→ **Your instructions**: Lines before the one containing "11月25日下午,由上海市社" are not wanted; restate the rest below word for word, through the last line, but drop any pictures.

→ **Data extract**:
= Beginning of Section =

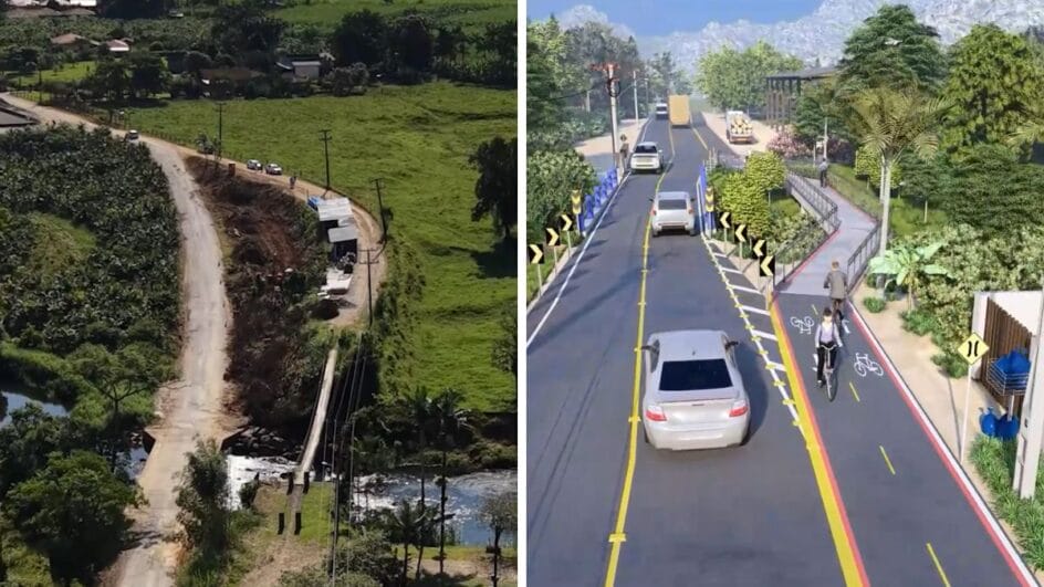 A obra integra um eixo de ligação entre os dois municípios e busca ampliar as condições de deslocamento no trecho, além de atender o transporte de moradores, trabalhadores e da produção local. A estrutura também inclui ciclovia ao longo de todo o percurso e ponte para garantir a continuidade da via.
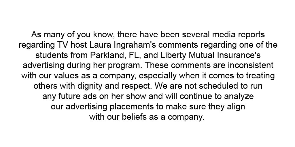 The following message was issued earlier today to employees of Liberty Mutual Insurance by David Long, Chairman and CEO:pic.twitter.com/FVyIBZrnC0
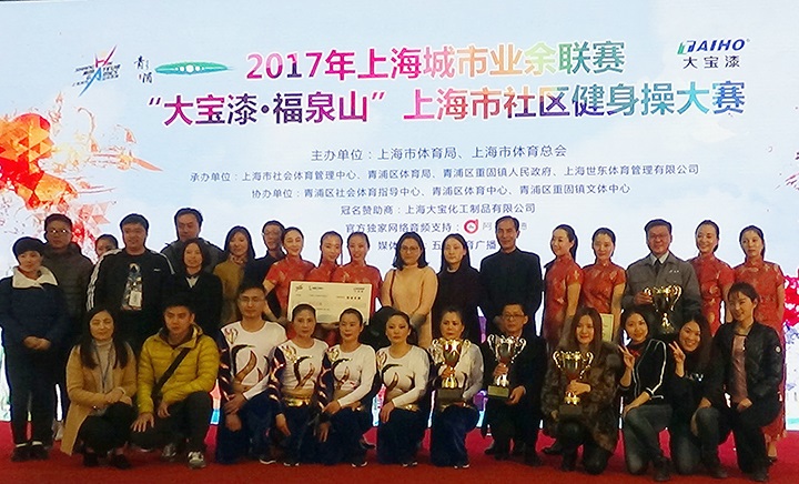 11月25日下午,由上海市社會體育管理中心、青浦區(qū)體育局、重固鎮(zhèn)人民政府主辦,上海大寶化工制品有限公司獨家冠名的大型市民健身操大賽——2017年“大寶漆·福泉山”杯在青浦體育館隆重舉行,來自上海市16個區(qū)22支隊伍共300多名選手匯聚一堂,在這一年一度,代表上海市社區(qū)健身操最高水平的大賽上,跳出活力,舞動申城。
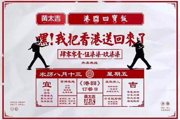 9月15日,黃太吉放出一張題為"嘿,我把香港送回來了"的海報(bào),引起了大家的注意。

= End of Section =

→ **Written solution**:
 11月25日下午,由上海市社會體育管理中心、青浦區(qū)體育局、重固鎮(zhèn)人民政府主辦,上海大寶化工制品有限公司獨家冠名的大型市民健身操大賽——2017年“大寶漆·福泉山”杯在青浦體育館隆重舉行,來自上海市16個區(qū)22支隊伍共300多名選手匯聚一堂,在這一年一度,代表上海市社區(qū)健身操最高水平的大賽上,跳出活力,舞動申城。
 9月15日,黃太吉放出一張題為"嘿,我把香港送回來了"的海報(bào),引起了大家的注意。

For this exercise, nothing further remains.